Use collections.defaultdict to solve the initial word statistics problem , the code is as follows:

from collections import defaultdict
strings = (&#39;puppy&#39;, &#39;kitten&#39;, &#39;puppy&#39;, &#39;puppy&#39;,
           &#39;weasel&#39;, &#39;puppy&#39;, &#39;kitten&#39;, &#39;puppy&#39;)
counts = defaultdict(lambda: 0)  # 使用lambda来定义简单的函数
for s in strings:
    counts[s] += 1

How the defaultdict class is implemented

Through the above content, you must have understood the usage of the defaultdict class, so how to implement the default value in the defaultdict class What about the function? The key to this is the use of the __missing__() method:

>>> from collections import defaultdict
>>> print defaultdict.__missing__.__doc__
__missing__(key) # Called by __getitem__ for missing key; pseudo-code:
  if self.default_factory is None: raise KeyError(key)
  self[key] = value = self.default_factory()
  return value

By looking at the docstring of the __missing__() method, we can see that when using the __getitem__() method to access a non-existent key ( The form dict[key] is actually a simplified form of the __getitem__() method), which calls the __missing__() method to obtain the default value and add the key to the dictionary.
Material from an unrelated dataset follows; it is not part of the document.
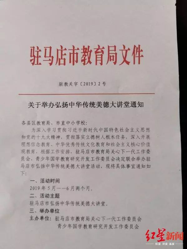 红星新闻获取的相关材料显示,该“弘扬中华传统美德大讲堂”活动,系驻马店市教育局相关部门主办的活动,由相关部门向各县区教育局、市直中小学校下发红头文件,要求各县区教育局、市直中小学校、幼儿园“充分认识到开展弘扬中华传统美德联系的重要性,重视并做好活动的组织工作,本次活动为公益性大讲堂,不收取任何费用”。

For a detailed introduction to the __missing__() method, please refer to the "Mapping Types — dict" section in the official Python documentation.

Introduced in the document, starting from version 2.5, if a subclass derived from dict defines the __missing__() method, when accessing a non-existent key, dict[key] will call the __missing__() method to obtain default value.

It can be seen from this that although dict supports the __missing__() method, this method does not exist in dict itself. Instead, this method needs to be implemented in the derived subclass. This can be easily verified:

>>> print dict.__missing__.__doc__
Traceback (most recent call last):
  File "<stdin>", line 1, in <module>
AttributeError: type object &#39;dict&#39; has no attribute &#39;__missing__&#39;

At the same time, we can do further experiments, define a subclass Missing and implement the __missing__() method:

>>> class Missing(dict):
...     def __missing__(self, key):
...         return 'missing'
...
>>> d = Missing()
>>> d
{}
>>> d['foo']
'missing'
>>> d
{}

The return result reflects the __missing__( ) method does work. On this basis, we slightly modify the __missing__() method so that this subclass sets a default value for non-existent keys like the defautldict class:

>>> class Defaulting(dict):
...     def __missing__(self, key):
...         self[key] = &#39;default&#39;
...         return &#39;default&#39;
...
>>> d = Defaulting()
>>> d
{}
>>> d[&#39;foo&#39;]
&#39;default&#39;
>>> d
{&#39;foo&#39;: &#39;default&#39;}

Implementing the function of defaultdict in older versions of Python

The defaultdict class was added after version 2.5. It is not supported in some older versions, so it is necessary to implement a compatible defaultdict class for older versions. This is actually very simple. Although the performance may not be as good as the defautldict class that comes with version 2.5, it is functionally the same.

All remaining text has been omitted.